From the moment LJ Ross’s marvellous series about aristocratic copper DCI Ryan and his close-knit team appeared, I’ve been a huge fan. The plots are solid, the countryside and other settings beautifully drawn and the characters – well, they’re what really make this series sing. Bamburgh, no. 19 in what’s now a hugely successful series for Ross, is yet another good addition to the ongoing story of Ryan, his wife, Anna, his investigative team: Frank and his wife, Denise, Melanie and Jack… or, it would be, except I have one small gripe.
Don’t get me wrong – the writing is still good; the characters interact with each other in familiar and heart-warming ways, making the bonds they’ve developed over the years and many cases rock solid… or are they? When the book opens we already know from the last one that the killer of Melanie’s sister, Gemma, years ago, has left his DNA on a victim from the previous book – a Thai woman who survived brutal injuries and captivity. Melanie is driven to identify this killer and bring him to justice and while the professional in her demands this occur, it’s far more personal reasons that provide her motivation and give her cause to be deceptive. Nothing wrong with all that – it’s in keeping with her character and the way in which her sister’s murder has not only torn her family apart, and haunted her for years, but also set her on her current career path.
Concomitant with the hunt for Gemma’s killer (who is suspected to have left behind a string of victims over the years), is the investigation into the suspicious death of a wealthy and popular old woman who owns a great deal of property and has left it to one of her loyal workers. Again, all good.
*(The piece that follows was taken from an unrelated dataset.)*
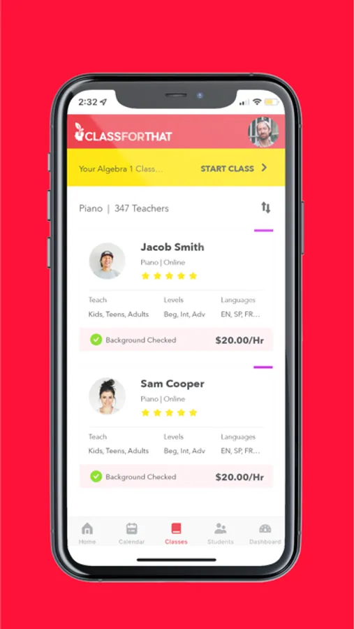 Search for any class and compare teachers based on class format, rating, prices, levels, target audience and languages in which the class is taught. Also, teachers and students will be able to see prior and upcoming classes in their calendar. Teach or take online classes using the app.

What bothered me about this book (and I really loathe being critical because it’s so readable) is the fact it’s the third book in this fine series to use almost identical plot and character development to drive the story. Seriously. The ideas – the structure, the character, the psychopathy of the villain, the ability to fool peers and family for decades, everything, have been used not once, but twice before. In fact, when a new character was introduced, I had the fleeting thought, ‘oh, please don’t make this person behave like…’ Well, Ross did. I even eye-rolled when it became evident the storyline was the same. I mean, how many times can a small police station tolerate this kind of thing? Even one of the characters makes a joke about it towards the end. Not sure that lets Ross off the hook. It’s just as well the characters are so damn loveable and, after 18 books, we’re invested in them, and the overall story so gripping you keep reading. But I confess to feeling disappointed that, yet again, this particular plot device and type of character was deployed.
I think it’s well and truly time to retire it – but not, please, Ryan and co. They still have work to do and cases to solve! And I’ll look forward to reading their next adventure.